Representative Massie of Kentucky is one of two Republicans to oppose the bill, on precisely the same grounds as Musk. Would you venture Mr. Massie’s profession? He is a quite successful engineer. The engineer propensity is to fix things. Politicians procrastinate, engineers cogitate. The other opponent was Representative Davidson of Ohio, a fiscally responsible businessman. The President made the same overtly derogatory comments against Massie as Musk. Political insiders of Trump, like Larry Kudlow, observed this is not the first time for Trump to react so strongly against his allies. Of course not.

When realities of politics prevented all his plans from being implemented, Musk, in his reactive passion, took on the President and Congress in a very public, X-platform way. His very personal invectives stirred the emotions and ire of the executive and legislative branch.

This is where the integrity of the low-key, calm, objective Mike Johnson, Speaker of the House, comes in. To this tiff, Johnson smilingly advised “Policy differences are not personal.” That is the correct, cooling retort. We can disagree but still get along. But who among us can control our ego in a charged political discussion. When growing up we were cautioned, in order to stay out of arguments avoid discussing religion and politics. Better yet, follow Johnson’s candor.

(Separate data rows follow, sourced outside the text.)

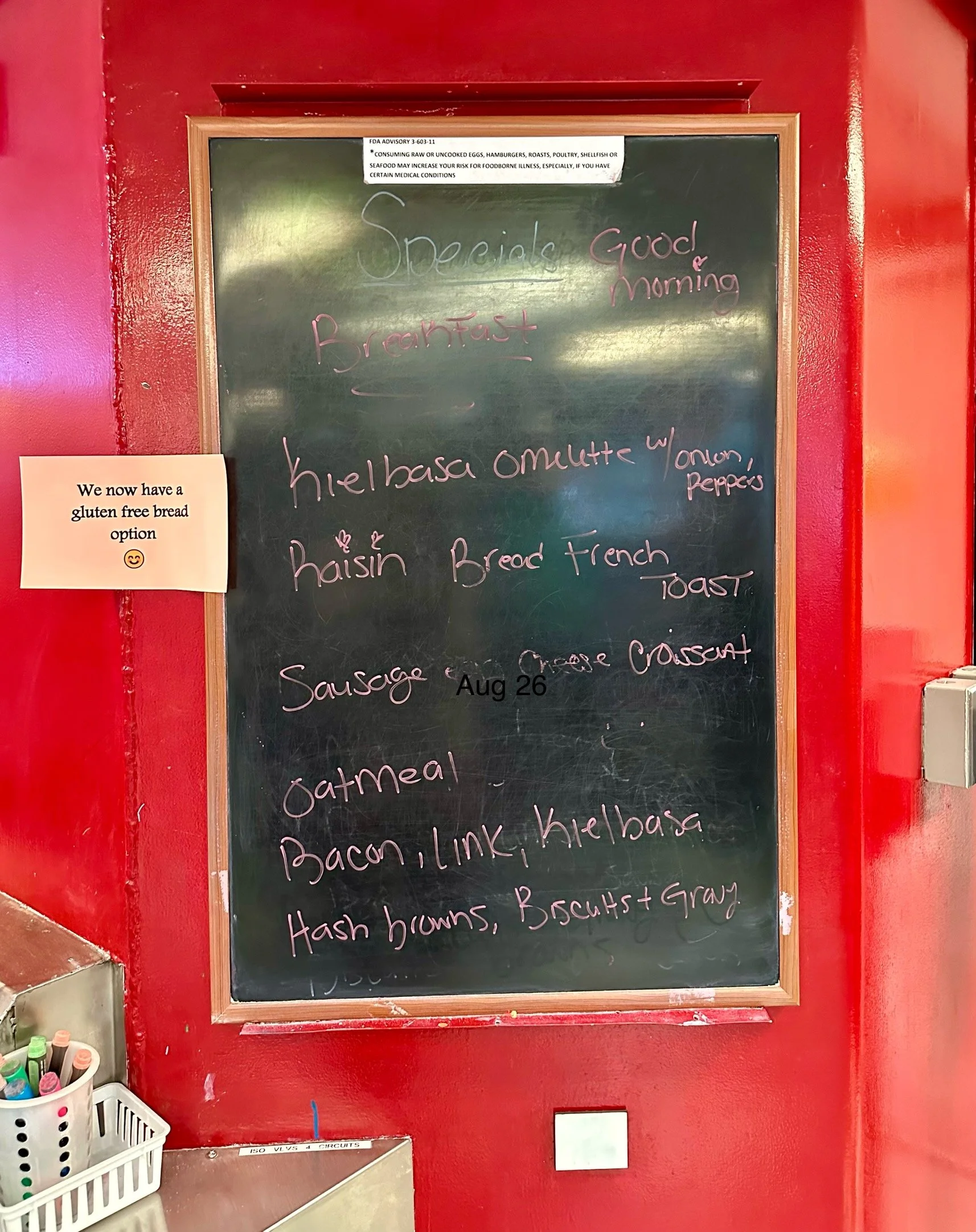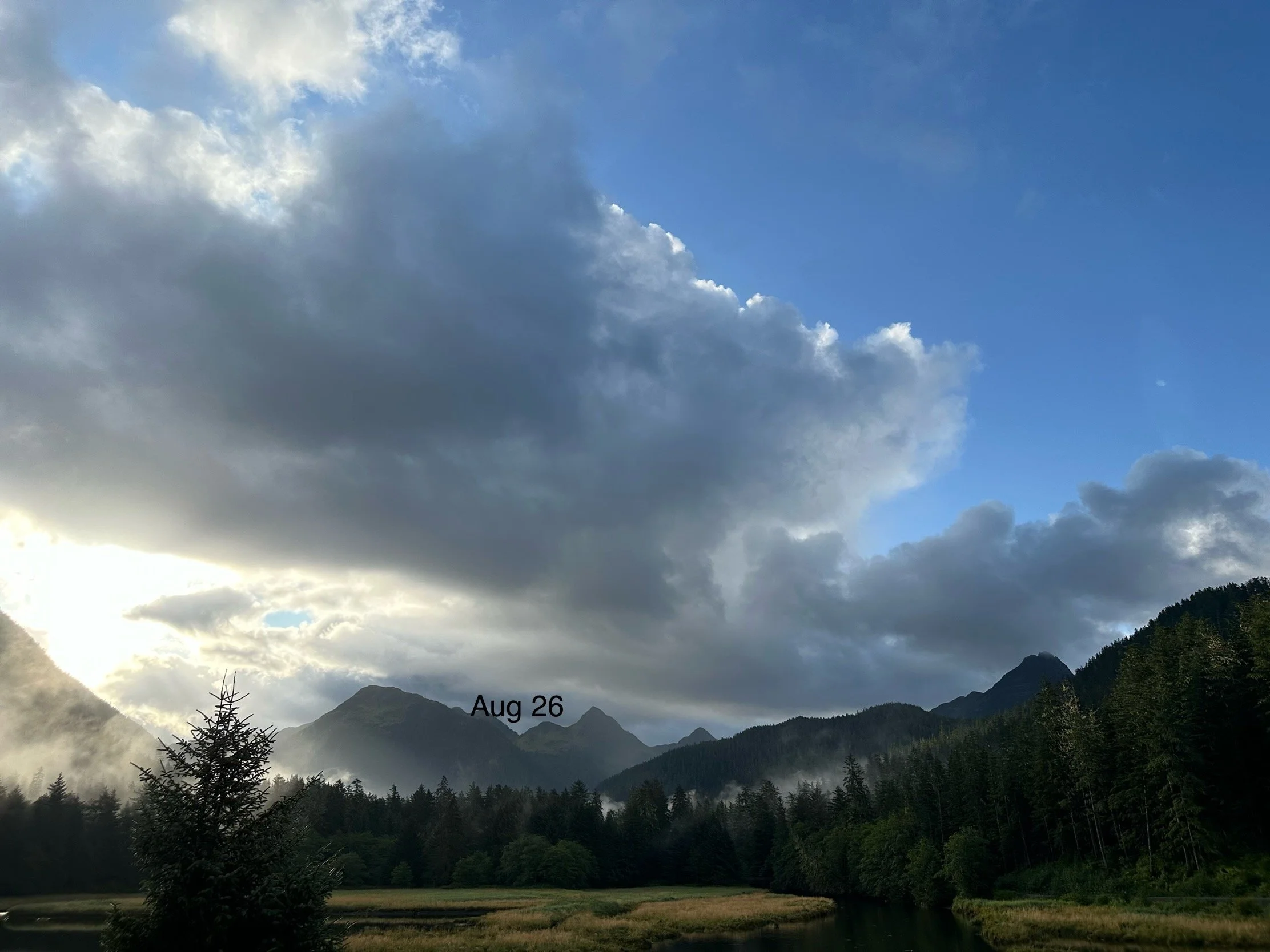 August 26: Day 3 on the ferry and perhaps the best one yet. That’s hard to say though as each has been great. I was on the deck at 4:30am. We were in a very narrow channel. The shadowy shore slid by silently and the water was like glass. My eyes adjusted and the surrounding mountains were wearing shawls of fog. The clouds parted a little and one bright star and a half moon beamed down. The light that early is very blue, strangely saturated to a rich navy. Even the fog, though white, shared a tint of blue. I was taking photos that have a very abstract look due to the long exposure and the forward movement of the ferry. But I don’t have any way of sharing them with you yet. I sometimes have cell coverage, but such a small amount only text will transmit. Photos are out of the question. By 6:00am we were at the dock of Sitka. Because we were there for three hours, we could get off and walk. I headed down the road to a large creek at pouring into the ocean. The King salmon had just arrived and were stacked like commuters on the NYC subway as they tried to enter the creek to spawn. The eagles and gulls lined up for the all you can eat buffet. Sitka must be the wettest place I’ve ever been. It almost looked tropical the veg was so rich and dense. Tonight I will reach Haines Alaska which is my port. I’ll figure out some way of sleeping in the car for the rest of the night. Stay tuned for tomorrow’s update on how that works out Thanks for following along! Ferry Food: The food onboard is better than the ferries I’m familiar with. There are the usual burgers, fries and such. But for each meal there are specials. These are cooked aboard, not of the frozen nuggets in the deep fryer ilk. For example, last night was a chicken curry made by the Nepalese chef. She started in the afternoon preparing all the spices. The fans announced the fact across the outside decks. The previous night was a turkey dinner with roasted root veg, mashed spuds (real ones) and gravy. Breakfast: the specials include an omelette - different each day - and some form of eggs in a baked biscuit, croissant or bagel. While the portions are enough to feed two or three people, the food is tasty and real.
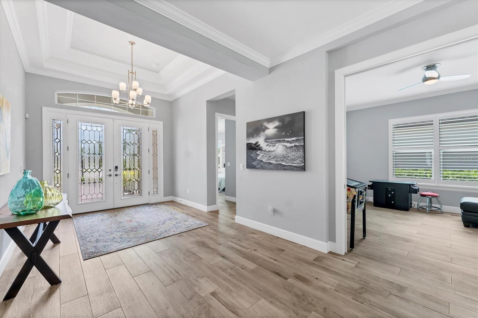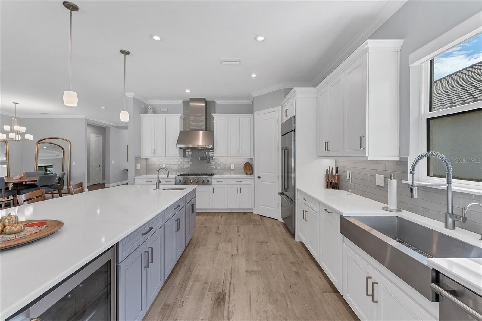 Under contract-accepting backup offers. Under contract. Taking Back-up Contracts. EXQUISITELY DESIGNED POOL HOME IN THE PREMIERE GOLF COMMUNITY OF ESPLANADE AT AZARIO, OFFERING STUNNING GOLF COURSE and WATER VIEWS AND GOLF CLUB MEMBERSHIP IS INCLUDED! The SELLER IS MOTIVATED, making this an EXCEPTIONAL OPPORTUNITY for A HOME THAT TRULY HAS IT ALL. This beautifully appointed residence showcases a unique blend of luxury and design, featuring a spacious Great Room with picturesque golf course and water vistas that seamlessly transition to extraordinary outdoor living space thoughtfully designed for contemporary living. Inviting Covered Gathering Areas feature an OUTDOOR KITCHEN and BAR ideal for dining alfresco complemented by the cozy ambiance of a GAS FIREPLACE, SPARKLING SALTWATER HEATED POOL AND SPA with Pebbletec finish to refresh and relax, complete with Travertine Shellstone, Panoramic Clear Vue Screen and wonderful views truly embracing the Florida lifestyle. Elegant interior finishes include PORCELAIN TILE FLOORS, TRAY CEILINGS, CROWN MOLDING, QUARTZ COUNTERTOPS, 8 FOOT DOORS, and IMPACT WINDOWS AND DOORS throughout along with plantation shutters and motorized shades in great room and kitchen. This area integrates a dining space and a gourmet-style kitchen, perfect for both entertaining and relaxation. The chef's kitchen is equipped with wood cabinetry, tile backsplash, a generous island with a breakfast bar for casual dining, additional prep sink, GE MONOGRAM APPLIANCES including a built-in refrigerator and oven, 6 burner gas cooktop with pot filler, professional series range hood with warming lamps, R.O. water filtration, walk-in pantry, and a beverage center. Retreat to the private owner's suite with bay window providing serene outdoor views and a lavish bath featuring a dual bowl vanity with dedicated makeup area, an expansive walk-in shower with multiple shower heads and a generous built-in closet. Desirable split bedroom and bath plan ensures privacy for family and guests, with an ensuite bedroom and bath and front bedroom with a king-size Murphy bed adjacent to the hall bath. The versatile study is ideal for a home office, game room, or your favorite hobbies. A separate laundry room includes a convenient drop-in sink, upper and lower cabinets, and front-load washer and dryer. The three-car tandem garage, complete with an epoxy finish floor, offers ample space for a golf cart. Complemented by a paver drive and walkway, outdoor lighting, gutters, barrel tile roof, whole house KOHLER GENERATOR and TANKLESS GAS WATER HEATER with RECIRCULATING PUMP, this exceptional home is conveniently situated across the street from a satellite pool, community garden and dog park. The highly amenitized community boasts a socially active resident CLUBHOUSE, state-of-the-art FITNESS CENTER, Spa and SALON, TENNIS and PICKLEBALL courts, RESORT STYLE POOL with BAHAMA BAR, CULINARY CENTER, BARREL HOUSE BISTRO and an 18-HOLE CHAMPIONSHIP GOLF COURSE, PRO-SHOP and AQUA DRIVING RANGE. Experience life in Lakewood Ranch, the nation's #1 multi-generational community, where you are minutes to dining, shopping and events at Lakewood Ranch Main Street and Waterside Place. The location offers close proximity to the UTC Shopping Mall, Benderson Rowing Park, New Mote Marine Aquarium, and I-75 for convenient travel north and south, and you are approximately 30 minutes from downtown Sarasota's vibrant cultural venues, diverse dining options, and our stunning Gulf Coast Beaches!
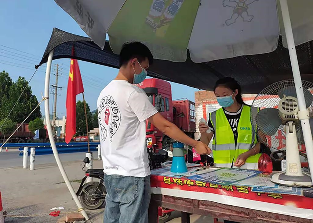 从8月2日至8月16日,她所在的社区木城镇余原村进行封闭式管理,进出都要扫码登记。社区里难免会有上了年纪的老人,他们没有智能手机,所以每次进出都需要她在本上登记信息。天气炎热,工作中她注意到会有带小孩的老人有些着急,她会主动让老人坐在板凳上休息。对于一些还没有意识到疫情严重而没有佩戴口罩的村民,她会主动分发口罩并劝说村民非必要不外出,确需出门时也一定要带好口罩做好防护;其中不乏有路过郑州或从郑州返回的村民,在她的解释下也都如实上报,积极配合工作做核酸检测。
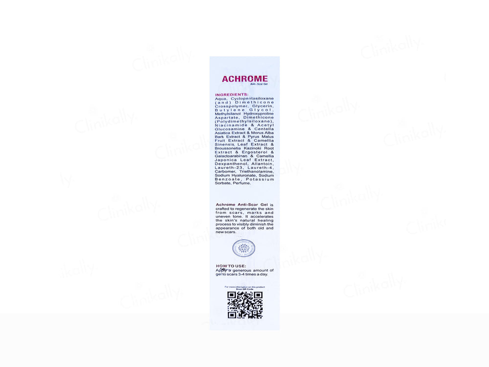 Ceuticoz Achrome Anti-Scar Gel is a specialized treatment designed to reduce the appearance of scars and improve skin texture, infused with silicone, allantoin, and botanical extracts.
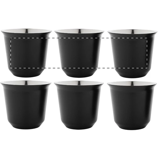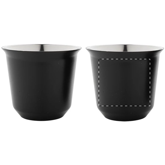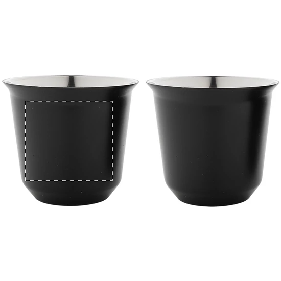 | 2 darabos eszpresszó csésze szett kávékapszula alakú, duplafalú, hőszigetelt thermo csészékkel, újrahasznosított rozsdamentes acélból, 80 ml. Kraft papír dobozban. | |

Give this time to settle and be thought through. Trump has thrown out his normal, over-the-top first pitch. Musk has retorted. The negotiations have begun, even if rocky. It is difficult for a person of rational discipline like Musk to give ground, but if he will find a path, then they can have a profitable relationship.

The problem is not a question of ‘right or wrong,’ which is a rhetorical philosophy argument. For Musk, Massie, and other similarly disciplined, it is a matter of ‘correct or incorrect,’ which is mathematically rigorous. They absolutely know the answer. To change their position requires rejecting absolute truth, the equivalent to accepting that two plus two is five, for large values of two.

Think about it. ‘Right or wrong’ are philosophically debatable and negotiable values with ‘an answer.’ ‘Correct and incorrect’ are mathematically measurable truths with ‘the answer.’ How can mathematical rigor be circumvented? Those with political flexibility retort with “Yes, but…” There are other considerations.